(Required work)
Starting at the line that contains "restaurants cafés, commerces", write out every line through the end of the records exactly as it stands, and leave out all pictures.

(Stored data entries)
_____

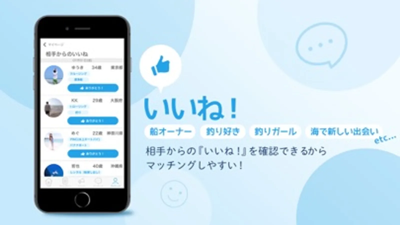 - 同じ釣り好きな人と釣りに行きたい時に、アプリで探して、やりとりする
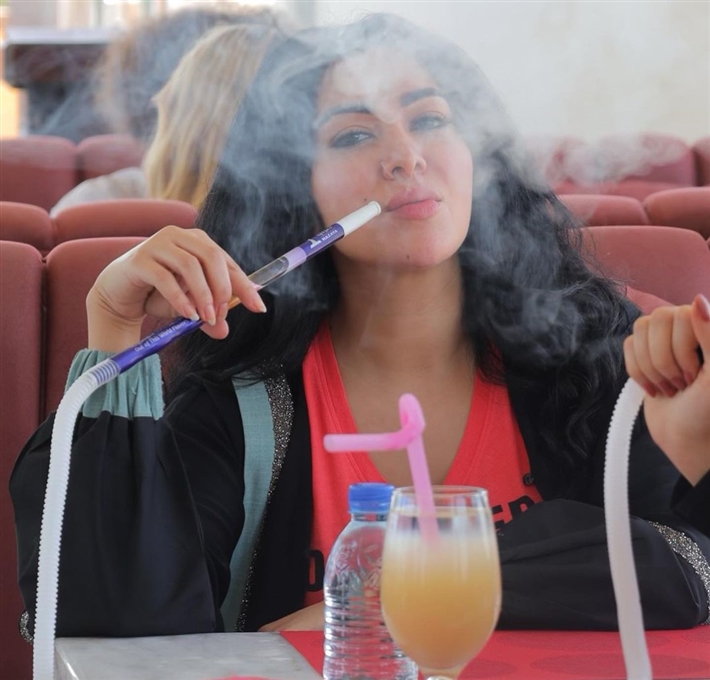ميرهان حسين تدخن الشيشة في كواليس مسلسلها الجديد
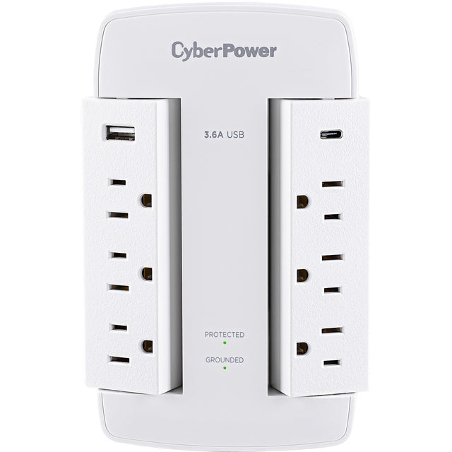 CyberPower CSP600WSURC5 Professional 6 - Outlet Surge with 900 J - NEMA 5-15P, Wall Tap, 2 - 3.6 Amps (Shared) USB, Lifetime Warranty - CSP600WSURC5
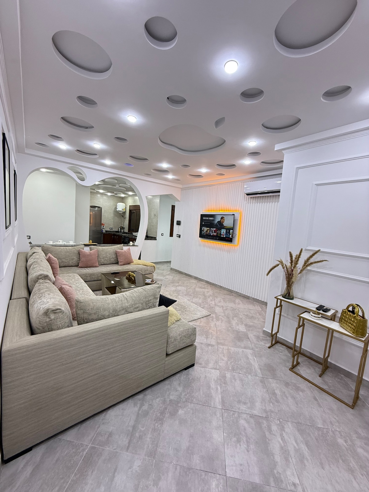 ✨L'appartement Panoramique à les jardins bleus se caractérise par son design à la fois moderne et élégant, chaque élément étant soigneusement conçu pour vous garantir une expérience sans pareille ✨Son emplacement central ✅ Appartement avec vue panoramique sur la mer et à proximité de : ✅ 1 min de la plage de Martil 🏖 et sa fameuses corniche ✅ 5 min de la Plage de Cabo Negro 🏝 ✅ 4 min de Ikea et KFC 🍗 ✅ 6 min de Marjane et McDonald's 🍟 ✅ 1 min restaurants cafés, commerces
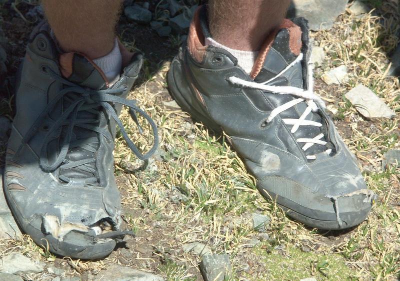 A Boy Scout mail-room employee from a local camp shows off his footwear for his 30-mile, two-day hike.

_____

(Solution below)
 ✨L'appartement Panoramique à les jardins bleus se caractérise par son design à la fois moderne et élégant, chaque élément étant soigneusement conçu pour vous garantir une expérience sans pareille ✨Son emplacement central ✅ Appartement avec vue panoramique sur la mer et à proximité de : ✅ 1 min de la plage de Martil 🏖 et sa fameuses corniche ✅ 5 min de la Plage de Cabo Negro 🏝 ✅ 4 min de Ikea et KFC 🍗 ✅ 6 min de Marjane et McDonald's 🍟 ✅ 1 min restaurants cafés, commerces
 A Boy Scout mail-room employee from a local camp shows off his footwear for his 30-mile, two-day hike.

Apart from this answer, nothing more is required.